:: SOURCE INFORMATION ::
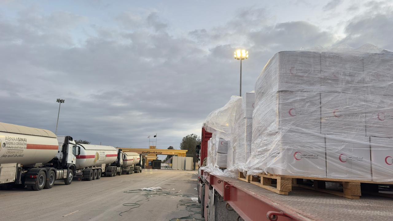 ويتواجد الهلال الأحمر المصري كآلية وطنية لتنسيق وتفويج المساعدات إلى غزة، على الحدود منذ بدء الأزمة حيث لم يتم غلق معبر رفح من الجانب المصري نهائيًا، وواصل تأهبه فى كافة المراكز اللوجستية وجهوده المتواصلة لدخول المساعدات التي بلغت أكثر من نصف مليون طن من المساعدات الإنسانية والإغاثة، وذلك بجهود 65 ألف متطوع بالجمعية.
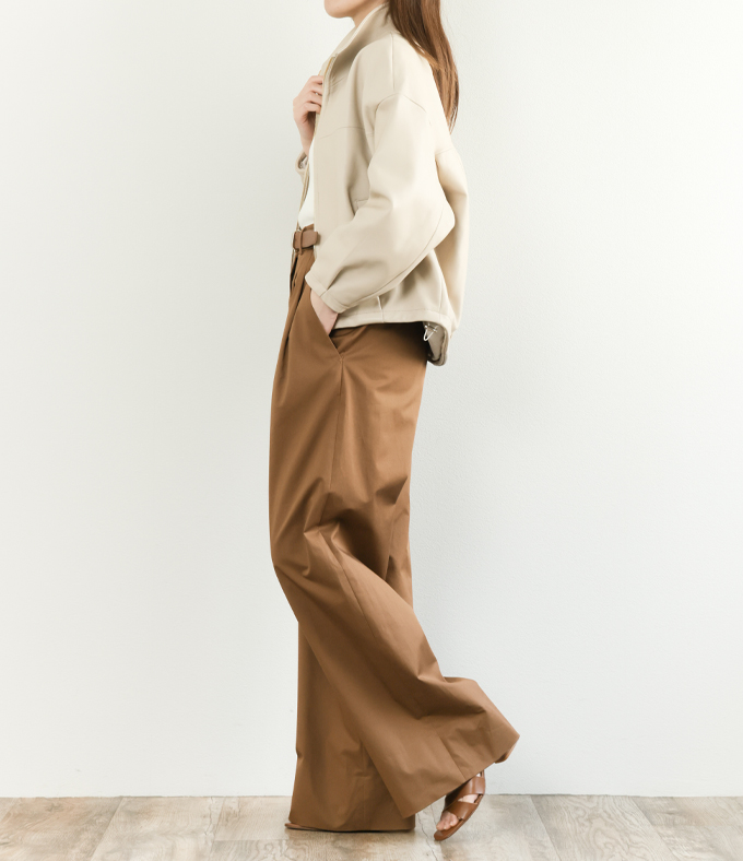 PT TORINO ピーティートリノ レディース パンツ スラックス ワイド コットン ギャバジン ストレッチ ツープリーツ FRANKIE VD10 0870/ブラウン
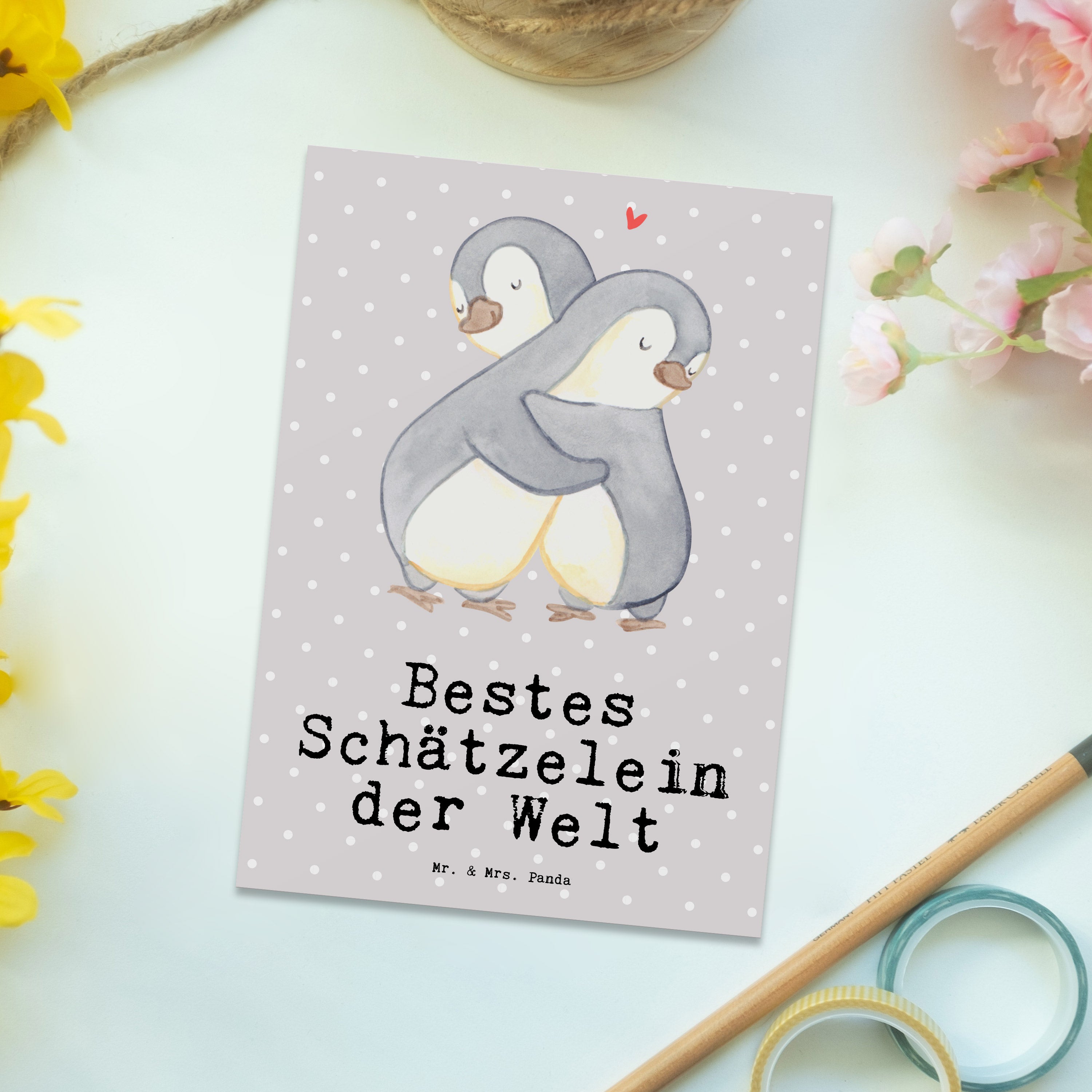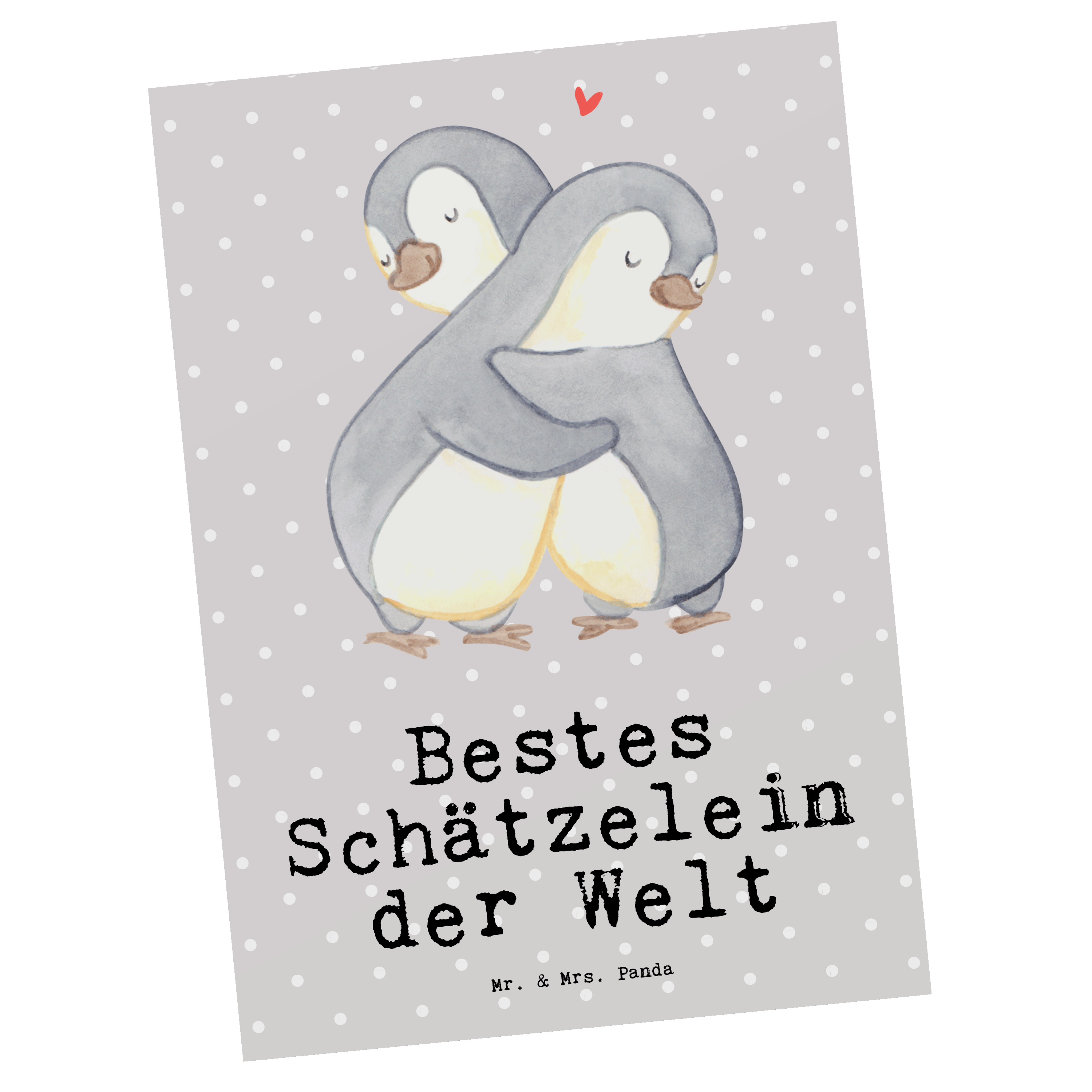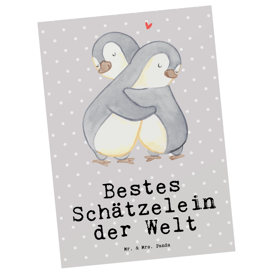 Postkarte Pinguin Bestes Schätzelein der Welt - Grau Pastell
:::
:: SOURCE INFORMATION ::
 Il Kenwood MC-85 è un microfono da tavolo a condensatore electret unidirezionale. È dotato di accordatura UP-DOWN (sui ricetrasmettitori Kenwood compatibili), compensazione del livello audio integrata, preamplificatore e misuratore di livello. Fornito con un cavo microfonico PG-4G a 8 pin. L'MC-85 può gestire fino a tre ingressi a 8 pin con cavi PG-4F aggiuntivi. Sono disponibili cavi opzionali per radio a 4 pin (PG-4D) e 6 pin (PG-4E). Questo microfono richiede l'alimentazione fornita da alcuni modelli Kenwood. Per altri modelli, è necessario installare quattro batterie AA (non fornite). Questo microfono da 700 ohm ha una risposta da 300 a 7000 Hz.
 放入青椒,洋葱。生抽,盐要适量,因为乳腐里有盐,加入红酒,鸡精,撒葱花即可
:::
• WORK REQUIRED:
In the entries above, find the line with "ويتواجد الهلال الأحمر" and the line with "Postkarte Pinguin Bestes". Return exactly those lines and all the ones between them, pictures excluded.

• EXERCISE RESPONSE:
 ويتواجد الهلال الأحمر المصري كآلية وطنية لتنسيق وتفويج المساعدات إلى غزة، على الحدود منذ بدء الأزمة حيث لم يتم غلق معبر رفح من الجانب المصري نهائيًا، وواصل تأهبه فى كافة المراكز اللوجستية وجهوده المتواصلة لدخول المساعدات التي بلغت أكثر من نصف مليون طن من المساعدات الإنسانية والإغاثة، وذلك بجهود 65 ألف متطوع بالجمعية.
 PT TORINO ピーティートリノ レディース パンツ スラックス ワイド コットン ギャバジン ストレッチ ツープリーツ FRANKIE VD10 0870/ブラウン
 Postkarte Pinguin Bestes Schätzelein der Welt - Grau Pastell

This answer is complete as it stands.